Code and media are permissionless leverage
"Code and media are permissionless leverage." — Naval Ravikant
Why can one person today out-earn a company of fifty from a decade ago? The answer is leverage, and a new kind of it that didn’t exist for most of history.
There are three ways to multiply your output. Labor: other people working for you. It’s the oldest form, and it needs permission, people have to choose to follow you. Capital: money working for you. Powerful, but also gated, someone has to decide to give it to you. Both of these require a yes from somebody else.
Then there’s the new form, and it changes everything: products that copy for free. Code and media. You can write a piece of software tonight, or publish an essay or a video, and it works for you forever, while you sleep, in a hundred countries at once, with zero marginal cost to serve the next person, and without anyone’s sign-off. No boss to promote you. No investor to fund you. You just make the thing and release it.

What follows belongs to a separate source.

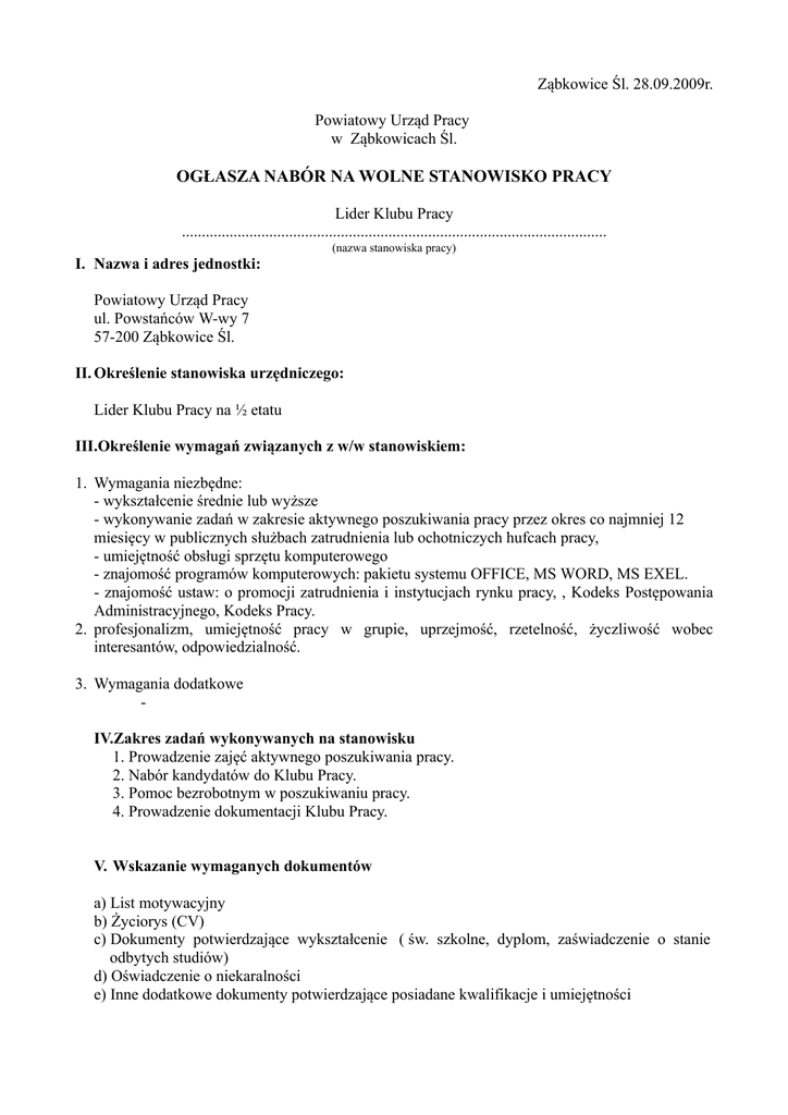 Ząbkowice Śl. 28.09.2009r. Powiatowy Urząd Pracy w Ząbkowicach Śl. OGŁASZA NABÓR NA WOLNE STANOWISKO PRACY Lider Klubu Pracy ........................................................................................................... (nazwa stanowiska pracy) I. Nazwa i adres jednostki: Powiatowy Urząd Pracy ul. Powstańców W-wy 7 57-200 Ząbkowice Śl. II. Określenie stanowiska urzędniczego: Lider Klubu Pracy na ½ etatu III.Określenie wymagań związanych z w/w stanowiskiem: 1. Wymagania niezbędne: - wykształcenie średnie lub wyższe - wykonywanie zadań w zakresie aktywnego poszukiwania pracy przez okres co najmniej 12 miesięcy w publicznych służbach zatrudnienia lub ochotniczych hufcach pracy, - umiejętność obsługi sprzętu komputerowego - znajomość programów komputerowych: pakietu systemu OFFICE, MS WORD, MS EXEL. - znajomość ustaw: o promocji zatrudnienia i instytucjach rynku pracy, , Kodeks Postępowania Administracyjnego, Kodeks Pracy. 2. profesjonalizm, umiejętność pracy w grupie, uprzejmość, rzetelność, życzliwość wobec interesantów, odpowiedzialność. 3. Wymagania dodatkowe IV.Zakres zadań wykonywanych na stanowisku 1. Prowadzenie zajęć aktywnego poszukiwania pracy. 2. Nabór kandydatów do Klubu Pracy. 3. Pomoc bezrobotnym w poszukiwaniu pracy. 4. Prowadzenie dokumentacji Klubu Pracy. V. Wskazanie wymaganych dokumentów a) List motywacyjny b) Życiorys (CV) c) Dokumenty potwierdzające wykształcenie ( św. szkolne, dyplom, zaświadczenie o stanie odbytych studiów) d) Oświadczenie o niekaralności e) Inne dodatkowe dokumenty potwierdzające posiadane kwalifikacje i umiejętności VI.Termin i miejsce składania dokumentów Wymagane dokumenty aplikacyjne należy składać w zamkniętych kopertach z dopiskiem (Nabór na stanowisko Lider Klubu Pracy) w terminie do dnia 12 października 2009r. do godz. 15.30 – w siedzibie Powiatowego Urzędu Pracy w Ząbkowicach Śl.(kancelaria ogólna- pok. Nr 10) – listownie (pocztą) na adres urzędu Aplikacje, które wpłyną do urzędu po wyżej określonym terminie nie będą rozpatrywane. Po upływie terminu do złożenia dokumentów zostanie umieszczona na stronie internetowej BIP http://pup.zabkowice.slaskie.sisco.info lista kandydatów, którzy spełniają wymagania formalne. Informacja o wyniku naboru zostanie umieszczona na stronie internetowej BIP http://pup.zabkowice.slaskie.sisco.info oraz na tablicy ogłoszeń Powiatowego Urzędu Pracy w Ząbkowicach Śl. i Filii PUP w Ziębicach Śl. w terminie 14 dni od dnia zatrudnienia wybranego kandydata. UWAGA: Wymagane dokumenty aplikacyjne(list motywacyjny, Życiorys), powinny być opatrzone klauzulą: Wyrażam zgodę na przetwarzanie moich danych osobowych zawartych w ofercie pracy dla potrzeb niezbędnych do przeprowadzenia procesu rekrutacji zgodnie z ustawą z dnia 29 sierpnia 1977r. O ochronie danych osobowych (Dz. U. Z 2002r. Nr 101, poz. 926 z późn. zm.)
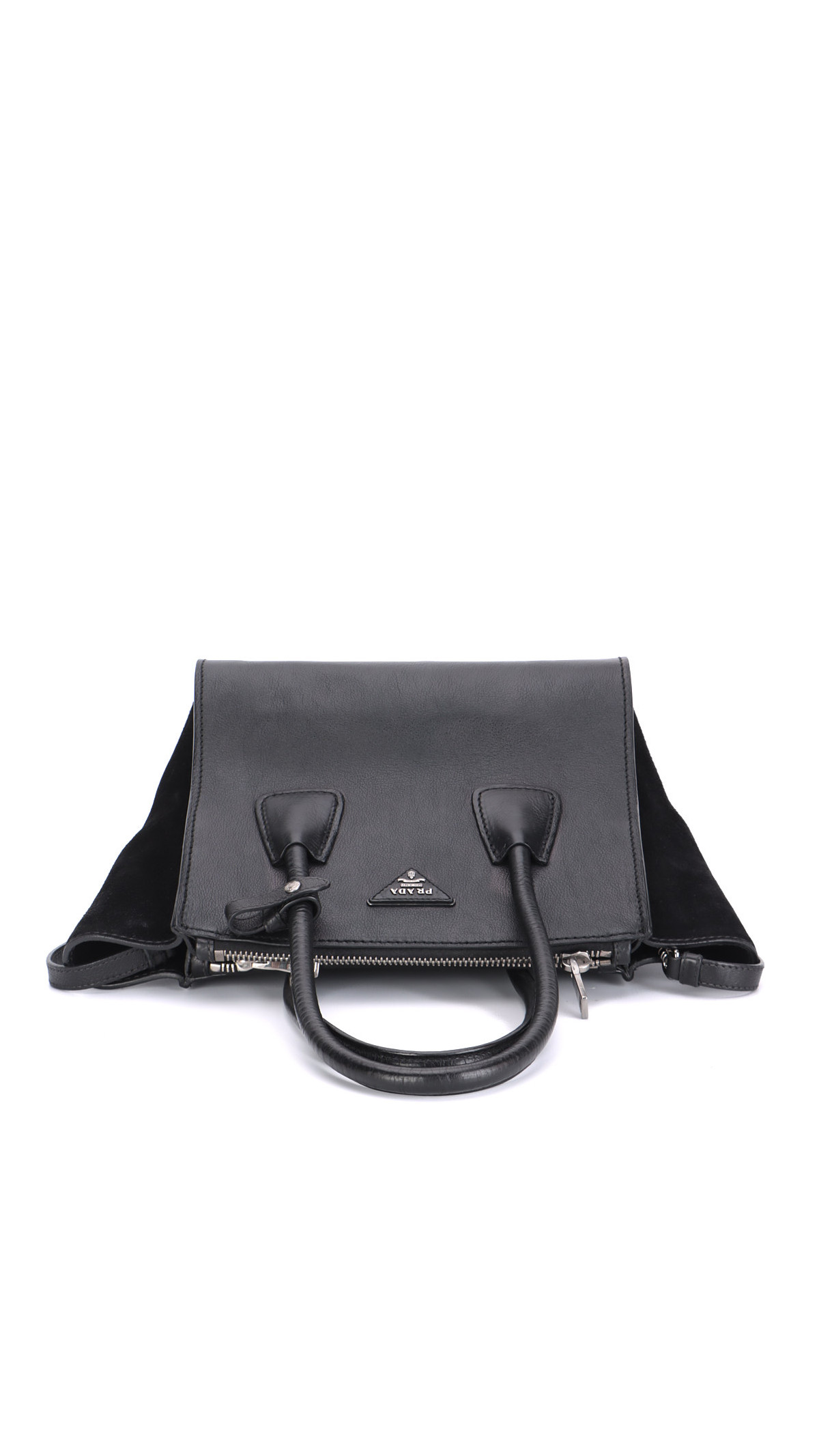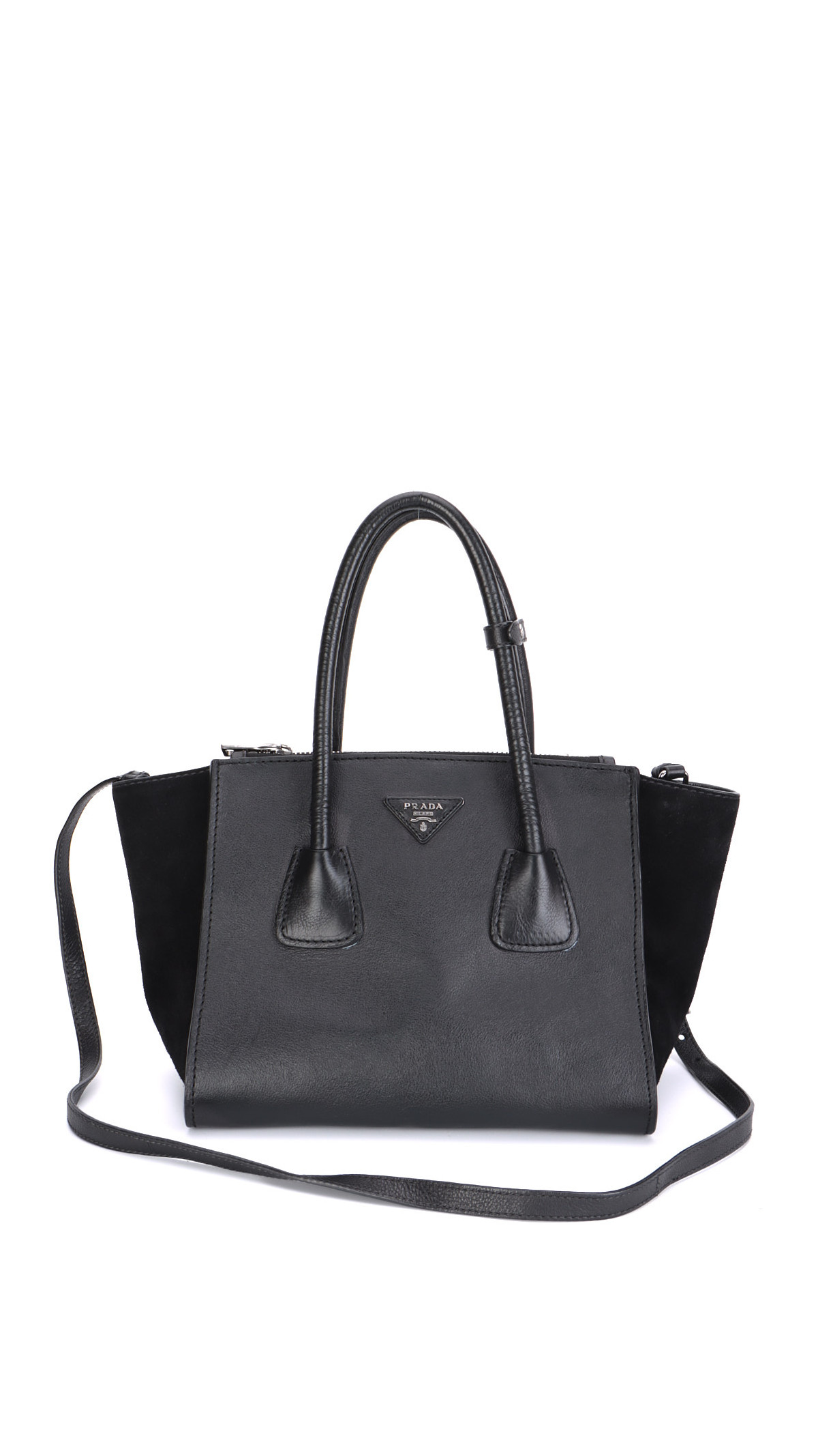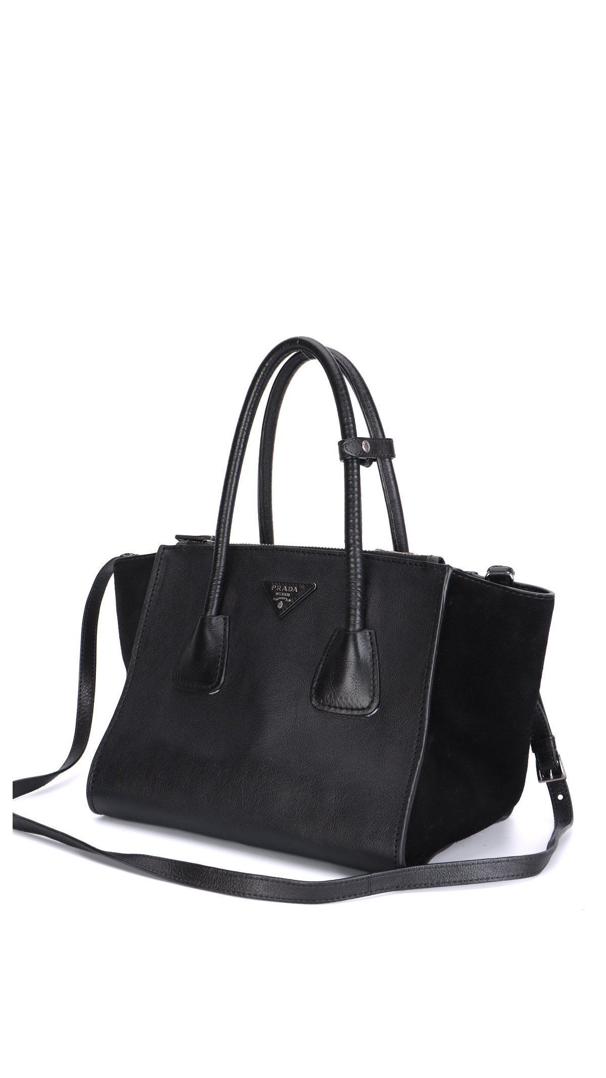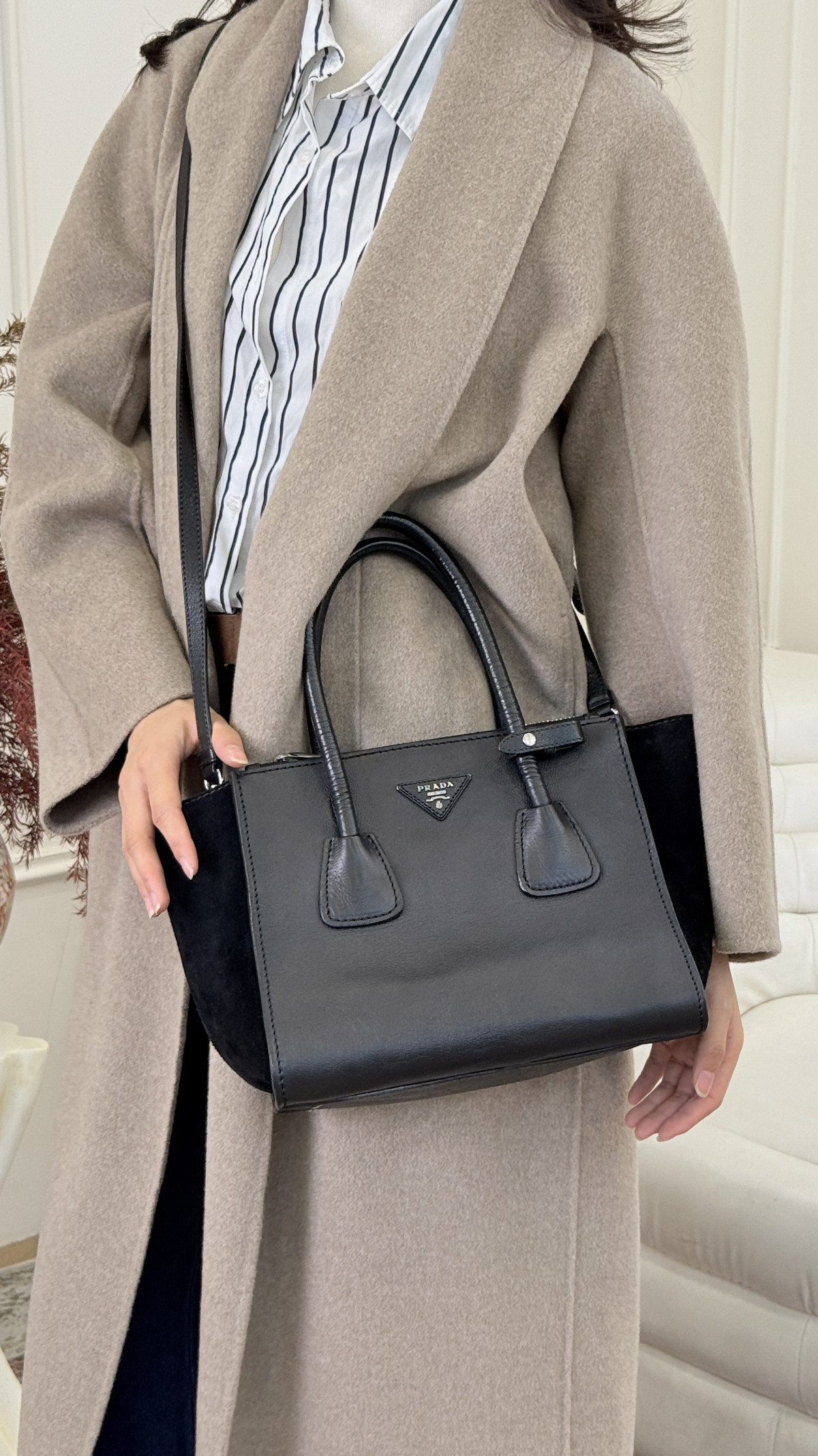 Prada Glace Calf Twin Pocket Tote er en elegant og funksjonell hverdagsveske med luksuriøse detaljer og tidløst design. Vesken er laget i glatt svart glace-kalveskinn, kjent for sin slitestyrke og subtile glans, og prydet med Pradas ikoniske metallogo foran.

This is why the question “how many hours can I sell?” is the wrong one. There are only so many hours, and selling them caps you at exactly your rate times your stamina. The right question is: what can I build once that will serve a million times?
A great app serves while you sleep. A great essay keeps finding readers years after you wrote it. A great video earns attention long after you’ve moved on. You did the work once; the leverage does the rest, indefinitely.
The old world rewarded the people who could command labor and capital, and those still matter. But the door that just opened is the one anyone can walk through. You don’t need permission to write code. You don’t need permission to publish. You only need to build something worth copying, and then let it copy itself.
Stop renting out your hours. Build the thing that keeps working after you’ve stopped.